What is needed is a word-for-word copy of the lines below from the one with "Includes a fun" through the one with "Baby romper in", both included, with every picture left out.

* [Material provided]:
--- START ---

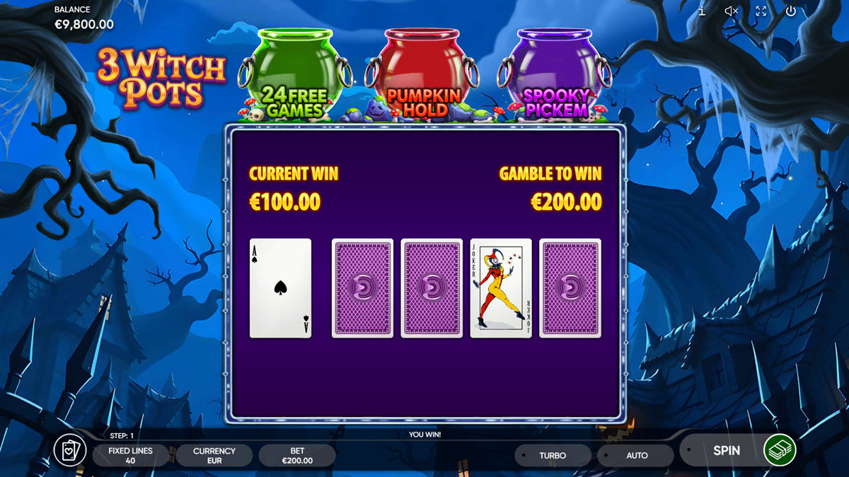 3 Witch Pots is built on a 5 reel, 4 row layout with 40 fixed betways, placing it firmly within the modern standard grid category. The RTP is listed at 96 percent, while volatility is not formally stated by the provider, though gameplay behavior indicates a medium to high variance profile. The maximum win is capped at 1,300x the total bet, and wagers range from 0.40 to 200 per spin, offering a broad exposure window.
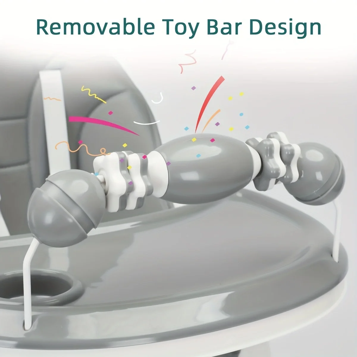 Includes a fun and engaging toy rack to keep your little one entertained during meals or downtime.
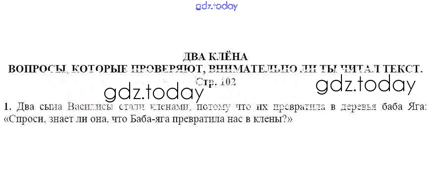 На страницах сайта gdz.today вы найдете учебный и вспомогательный материал, направленный на улучшения знаний школьной программы. ГДЗ - онлайн мир знаний Вопросы, которые проверяют, внимательно ли ты читал текст (стр. 102) Два клена 1 Учебнику по Литературе для 5 класса Москвин Вентана-граф Алгоритм успеха 2020
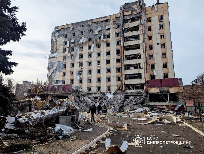 Khách sạn Druzhba ở Kryvyi Rih sau cuộc tấn công kép bằng tên lửa đạn đạo Iskander.
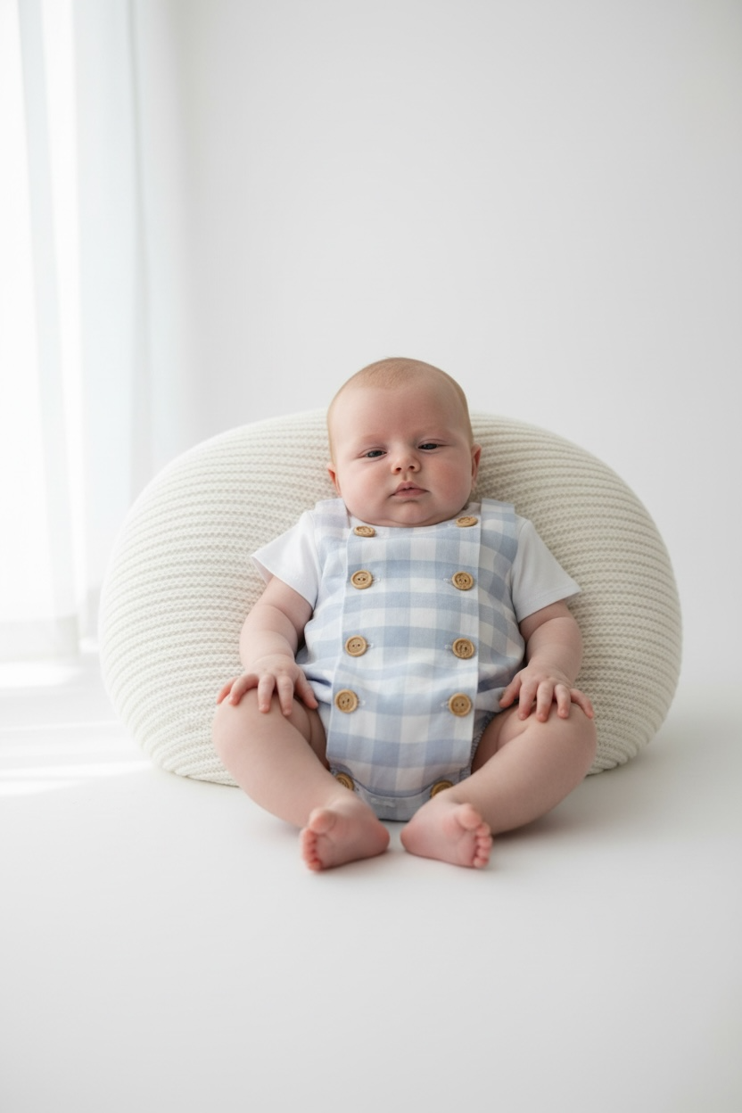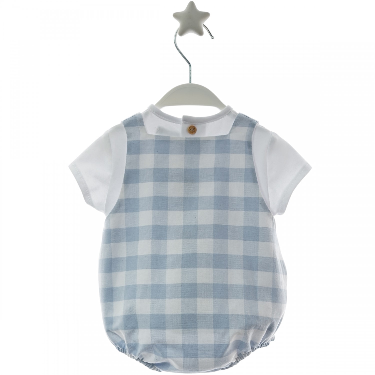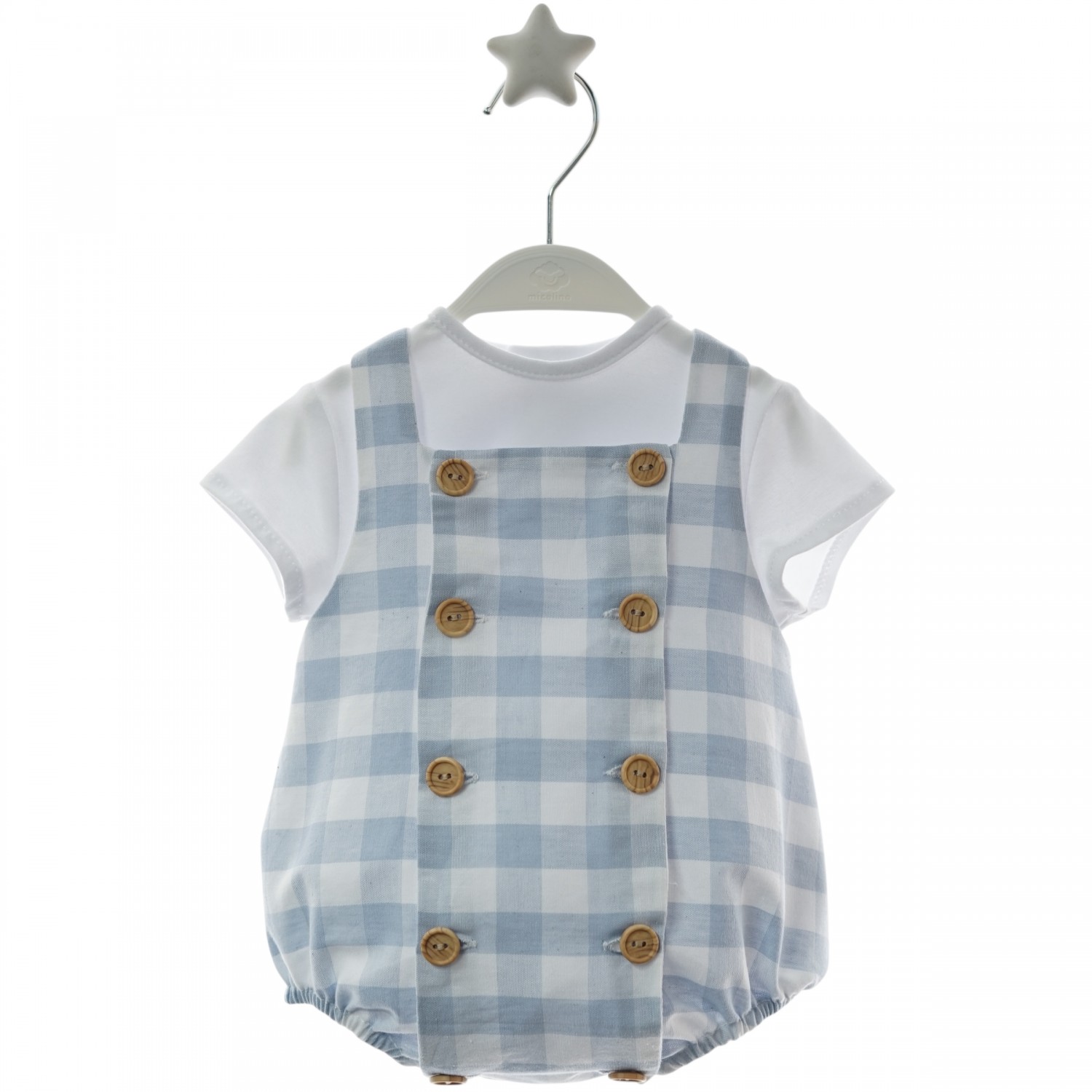 Baby romper in a dusty blue gingham print and white cotton t-shirt, a beautiful basic from the New Spring/Summer Collection for cool and comfortable looks.
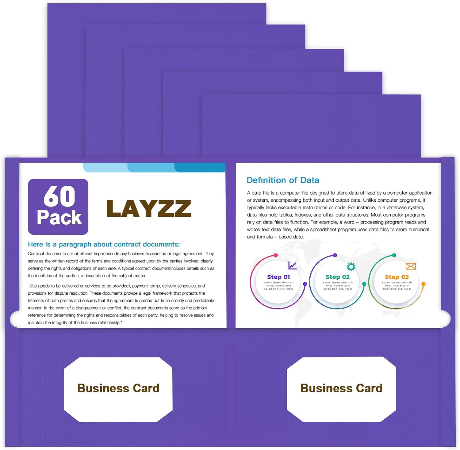 Folders with Pockets, LAYZZ 60 Pack Paper Pocket Folders, 2 Pocket File folders Fits Letter Size Paper, for School Office and Home (Purple)

--- END ---

* [Task output]:
 Includes a fun and engaging toy rack to keep your little one entertained during meals or downtime.
 На страницах сайта gdz.today вы найдете учебный и вспомогательный материал, направленный на улучшения знаний школьной программы. ГДЗ - онлайн мир знаний Вопросы, которые проверяют, внимательно ли ты читал текст (стр. 102) Два клена 1 Учебнику по Литературе для 5 класса Москвин Вентана-граф Алгоритм успеха 2020
 Khách sạn Druzhba ở Kryvyi Rih sau cuộc tấn công kép bằng tên lửa đạn đạo Iskander.
 Baby romper in a dusty blue gingham print and white cotton t-shirt, a beautiful basic from the New Spring/Summer Collection for cool and comfortable looks.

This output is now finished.